In ogni caso, osserva, non bisognerebbe generalizzare: «Come sempre si fa di tutta un’erba un fascio — ha detto il banchiere — : la gente accomuna le banche americane a quelle europee e a quelle italiane senza alcuna distinzione. Ma la crisi è nata dal sistema finanziario, in particolare dalle banche americane. Se non si fa una distinzione tra le diverse situazioni, anche le banche italiane risentono ingiustamente delle accuse rivolte alle banche americane di avere procurato la crisi». 
A distanza di quattro anni dall’inizio di questo periodo, sostiene Bazoli, «le banche italiane sembrano il capro espiatorio della crisi: ci sono molte ragioni che vanno indagate per essere respinte. Però io credo che le banche debbano fare un esame di coscienza a fondo per vedere le ragioni vere da cui deriva questa impopolarità  per porvi rimedio». 
Intanto la giornata di ieri è parsa tra le più difficili sul piano internazionale e non solo: si è passati dalle pessime stime dell’Ocse per il Pil (Prodotto interno lordo) italiano, che valuta per il primo trimestre in contrazione dell’1,6%, fino al brusco calo (-3,3%) di Piazza Affari, passando per la tensione sui titoli di Stato, con lo spread che ha chiuso sopra quota 340 punti. Certo il problema non è solo l’Italia e la riforma del lavoro che sta mettendo in difficoltà  la tenuta del governo: pesano i timori sul salvataggio della Grecia, lo spettro di una ristrutturazione del debito della Spagna e del Portogallo. 

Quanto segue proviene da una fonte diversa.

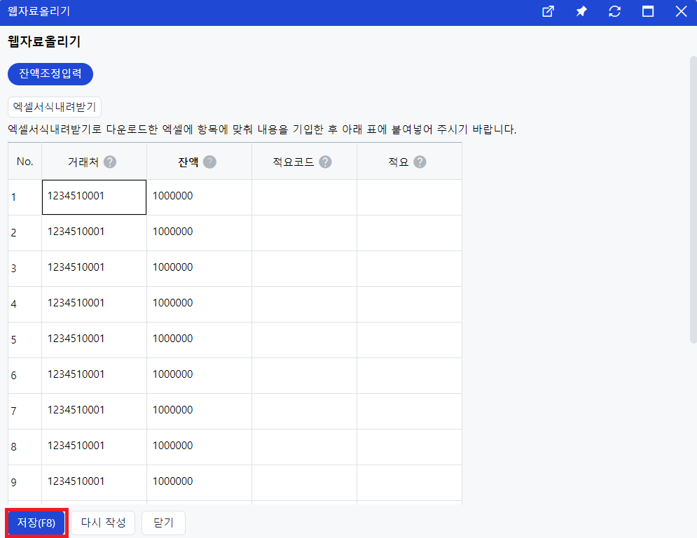 경로 : 이카운트프로그램 로그인 - 회계Ⅰ- FastEntry - 잔액조정입력 - 계정 : 1089 외상매출금 기입 후 검색 - 조정(거래처별) 클릭 - 웹자료올리기 - 엑셀 서식내려받기 클릭
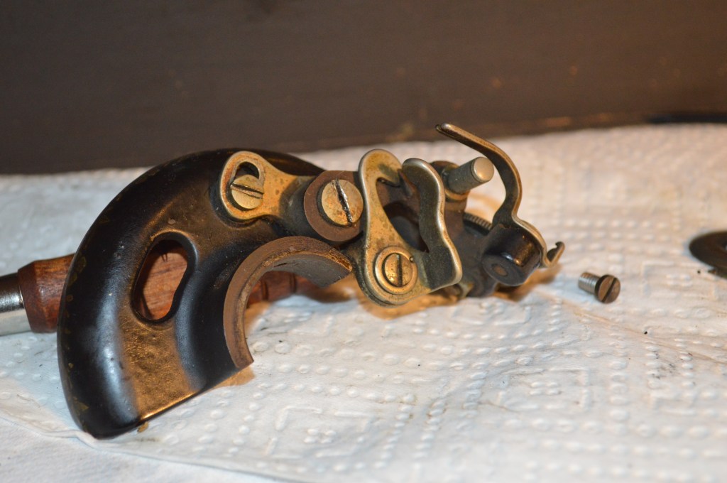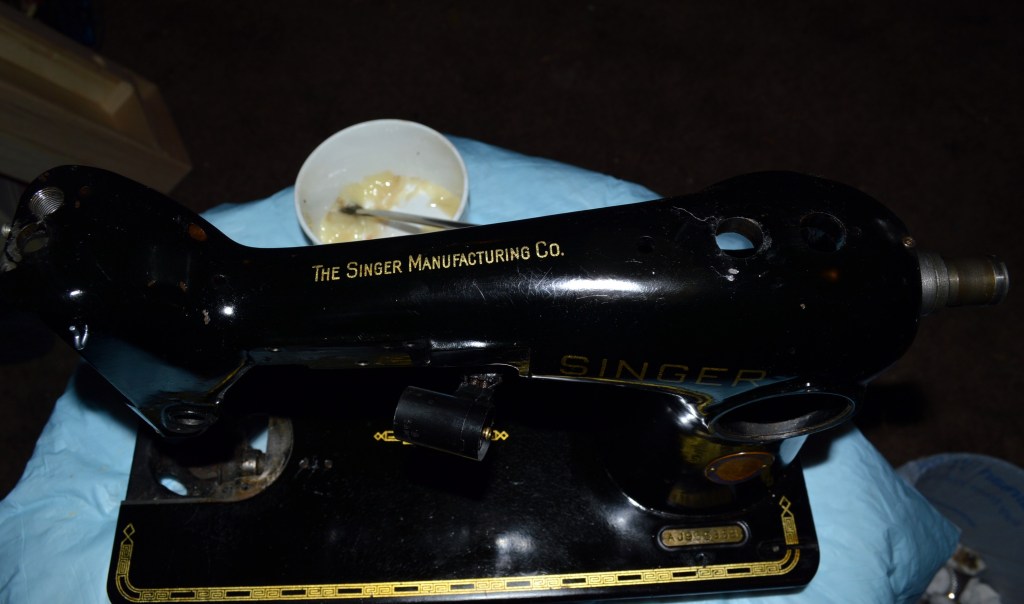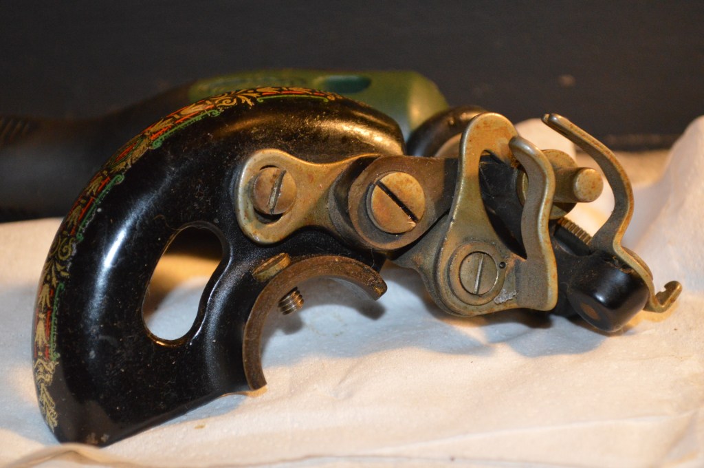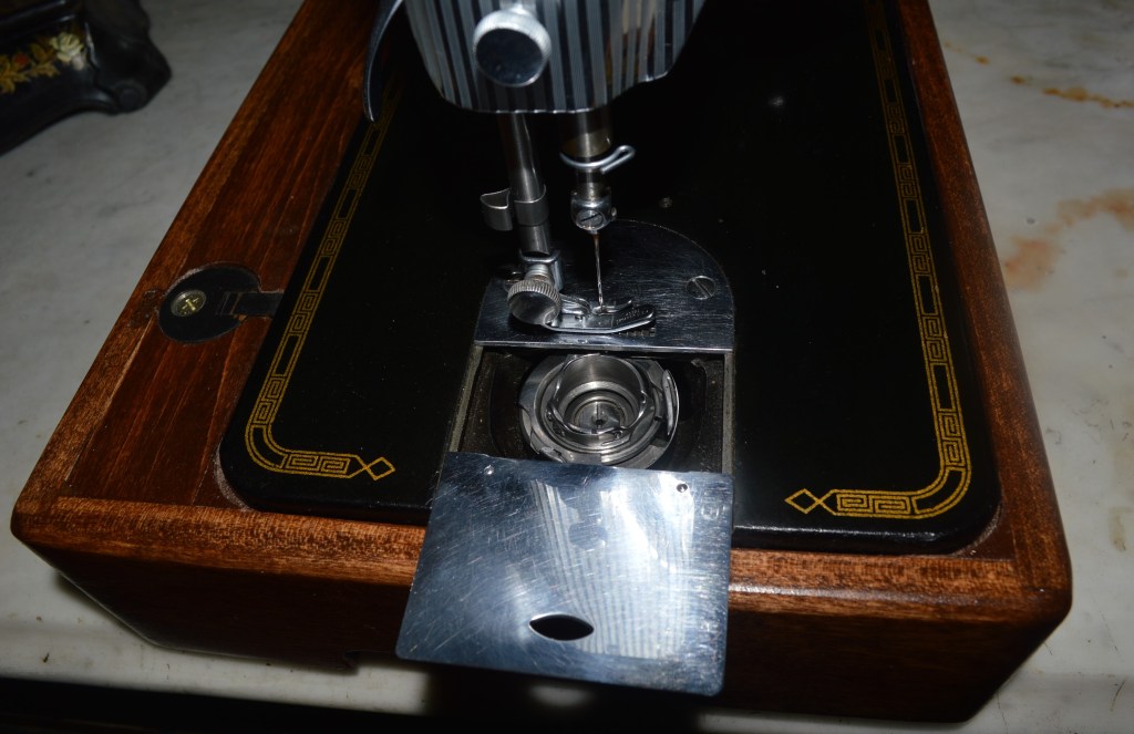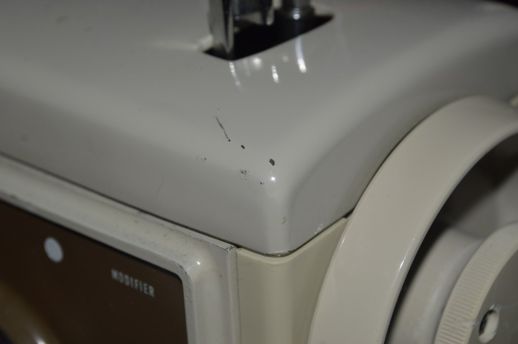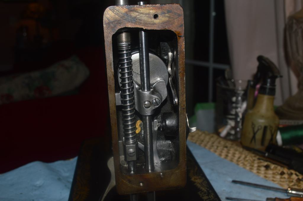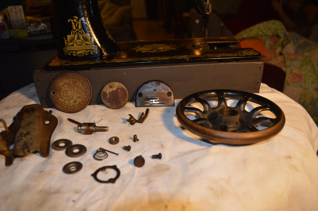 Part of the reason for this restoration is a sad story. As I said, my customer purchased this machine at a Shopgoodwill online auction. Shopgoodwill is a great place to find both common and unique sewing machines. At any given time, they can have 500 or more sewing machines for auction. I have purchased machines from them, and I have seen some rare and wonderful machines over the years. The only problem with purchasing a machine from them is that there is a high probability that it will be damaged in shipping… If it is in a case, the chance the case will be damaged by the machine smashing it or the spool pin punching thru the top… this is just my personal experience. I like Shopgoodwill and great bargains can be found there, but unless it is very desireable machine to me, I don’t source machines from them.

«Per uscire dalla recessione — ha dichiarato Passera — dobbiamo accelerare su tutte le riforme strutturali in programma e su tutte le leve della crescita». Solo così, ha aggiunto il ministro in un successivo intervento al congresso dell’Ugl, già  nel 2012 saranno possibili «cambi di velocità » sul fronte della crisi economica.